Равская поднялась, сунула руки в карманы распахнутой шубы, прошлась в раздумье по кабинету, глядя в пол, постояла у окна, вернулась к двери и наконец остановилась перед Деминым. Взгляд у нее был несколько оценивающий, будто она стояла перед прилавком магазина и прикидывала, не слишком ли дорога вещь, которая ей приглянулась? Не таясь, окинула взглядом одежду Демина, с застывшей ухмылкой посмотрела на помятый дешевенький пиджачок Кувакина, судя по всему, купленный случайно, по дешевке. И Демин неожиданно для себя втянул ноги под стол, чтобы спрятать свои размокшие, потерявшие форму туфли. Его жест не скрылся от Равской, и она снисходительно улыбнулась.
— По тысяче каждому, — сказала она четко и негромко.
— Не понял?
— Тогда по две. Каждому. Годится?
— Это вы нам предлагаете? — спросил Демин. — А за что?
— Две вещи, — спокойно сказала Равская. — Первое. Вы должны опустить в унитаз содержимое моей сумочки. Или взять себе. Дело ваше. И второе — вы не слышали этого слова… Щука. В остальном честно выполняйте свой гражданский долг. Я готова ответить и за смерть Селивановой. Разумеется, в той степени моральной вины, которая лежит на мне, как на человеке, старшем по возрасту, который должен был уберечь ее от необдуманного шага. И за то, что организовывала приятные вечера для этих застарелых дев. — Она презрительно кивнула в сторону двери, в которую недавно вышли Лариса, Зина, Галя.
— А за снимки? — спросил Демин.
— За снимки пусть отвечает тот, кто их делал. Татулин.
— По две тысячи на брата, — задумчиво протянул Кувакин. — На двоих — четыре тысячи… Неплохо. Почти годовая зарплата, а, Коля? А если Татулин предложит нам тоже по две тысячи?
— Это уж вам решать, — ответила Равская таким тоном, будто бестактность Кувакина ее оскорбила. — Впрочем, пять тысяч он вам наверняка не предложит… А я… Я готова дать показания… и даже доказательства активной роли Татулина во всем этом деле. И снимки пусть остаются, коль они уж приобщены… Мне кажется, они достаточно полно отвечают на вопрос о причине самоубийства Селивановой.
— И за все ответит Татулин? — уточнил Демин.
— А почему бы и нет? Он, бедняга, так устал в ежедневной беготне и суете! Пусть отдохнет годик-второй.

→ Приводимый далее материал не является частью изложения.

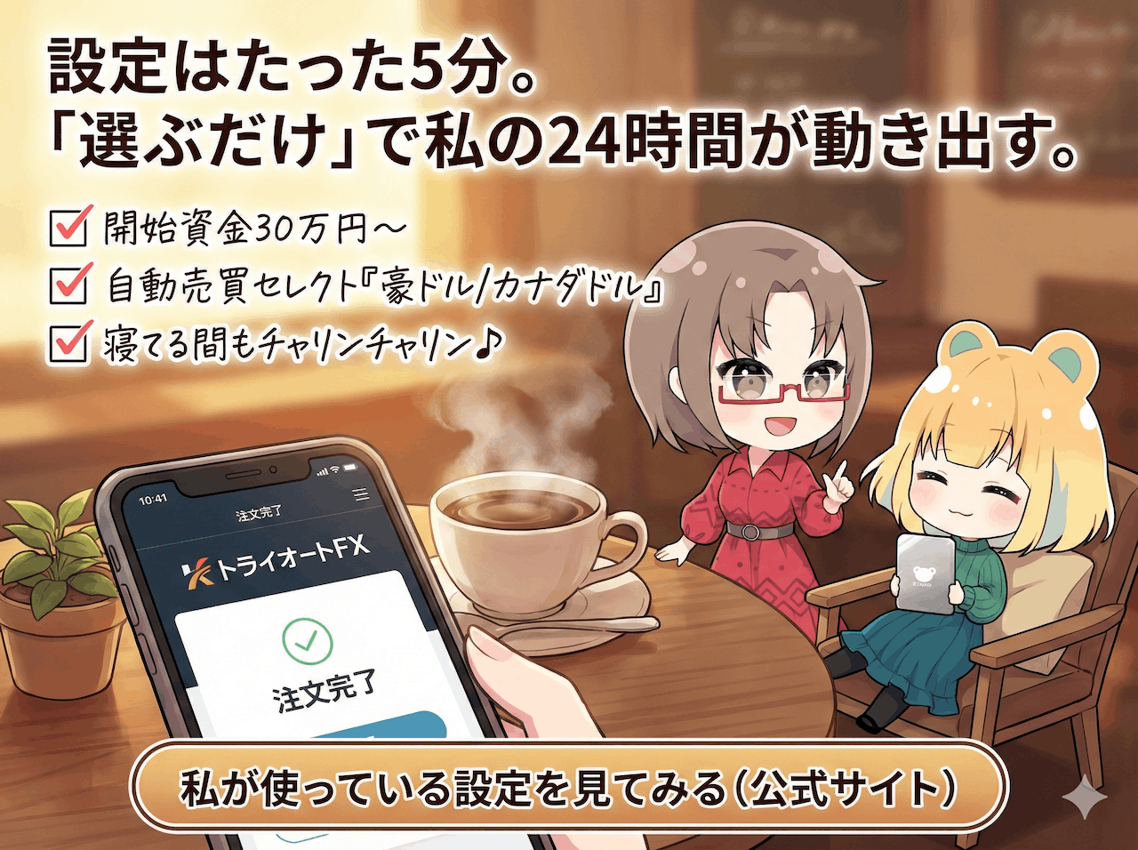 →PR【2025年最新】トライオートFXは『選ぶだけ』で24時間自動売買|手数料0円&1,000通貨から
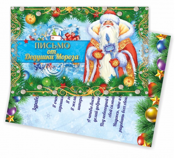 - В письме содержится новогоднее поздравление от Деда Мороза в стихотворной форме.
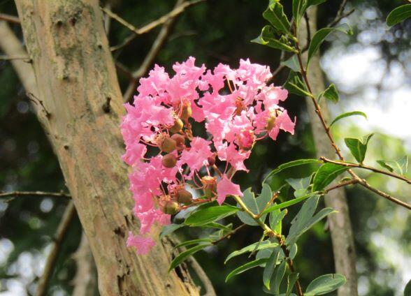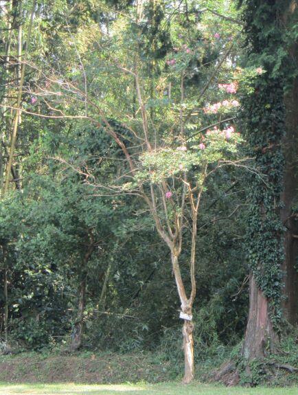 作業後に校内を見て回りました。すると運動場のサルスベリに花が咲いていました。

— Годиком-вторым ему не отделаться.
— Зачем нам об этом думать, — пожала плечами Равская. — Пусть решает наш народный, самый справедливый суд.
— Но Татулин тоже не будет молчать, не будет сидеть сложа руки, — заметил Демин. — И снимки он сделал все-таки в вашей квартире.

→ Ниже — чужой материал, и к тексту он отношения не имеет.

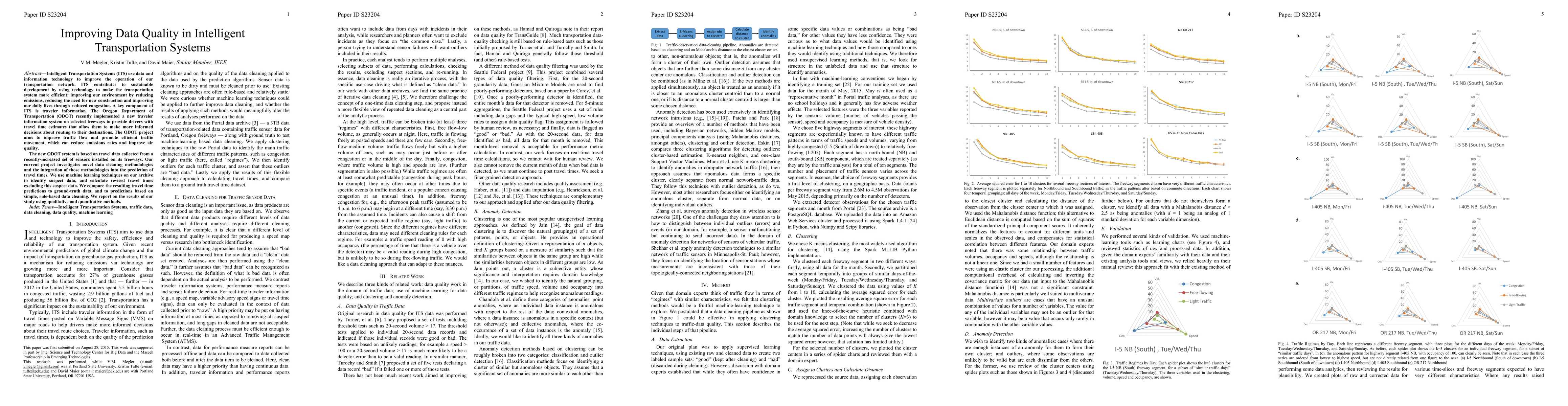 Intelligent Transportation Systems (ITS) use data and information technology to improve the operation of our transportation network. ITS contributes to sustainable development by using technology to make the transportation system more efficient; improving our environment by reducing emissions, reducing the need for new construction and improving our daily lives through reduced congestion. A key component of ITS is traveler information. The Oregon Department of Transportation (ODOT) recently implemented a new traveler information system on selected freeways to provide drivers with travel time estimates that allow them to make more informed decisions about routing to their destinations. The ODOT project aims to improve traffic flow and promote efficient traffic movement, which can reduce emissions rates and improve air quality. The new ODOT system is based on travel data collected from a recently-increased set of sensors installed on its freeways. Our current project investigates novel data cleaning methodologies and the integration of those methodologies into the prediction of travel times. We use machine learning techniques on our archive to identify suspect data, and calculate revised travel times excluding this suspect data. We compare the resulting travel time predictions to ground-truth data, and to predictions based on simple, rule-based data cleaning. We report on the results of our study using qualitative and quantitative methods.

— Откуда мне знать, чем он занимался в моей квартире! Он выклянчил ключ, я по простоте душевной пошла ему навстречу… Я всегда знала его как приличного человека… Кто же мог подумать, что это развратная личность! Но это все неважно. Мы договорились? Пакетик в сумочке сам по себе стоит не меньше десяти тысяч… Я вам его дарю. А за Щуку пять тысяч.
— Соблазнительно, — покрутил головой Демин. — Видишь, Коля, на какой вредной работе мы с тобой сидим, какие невероятные перегрузки испытываем, в какое тяжелое стрессовое состояние может повергнуть предложение… Нам, Коля, надо за вредность молоко выдавать. Хотя бы по пакетику в день… Как ты думаешь?
— Не меньше. Я бы и от двух не отказался..
— Можно и два, — согласился Демин.
— А если еще шестипроцентного по двадцать пять копеек за пакет, — мечтательно протянул Кувакин, — я бы никакой другой работы не хотел.
— Решайте, мальчики, решайте, — поторопила их Равская. — Могу даже помочь вам сбыть эту валюту. Хотя у вас и свои связи должны быть.
— Да, надо решать, — с сожалением сказал Демин. — Ирина Андреевна, вы по-прежнему не хотите давать показания без адвоката?
— Как?! Вы отказываетесь? — удивлению Равской не было предела. — Почему? Неужели вам так хочется посадить меня? За что? Что я вам сделала плохого? Ведь мы только сегодня познакомились! Нет, мы можем продолжить… Назовите свою цену! Давайте продолжим…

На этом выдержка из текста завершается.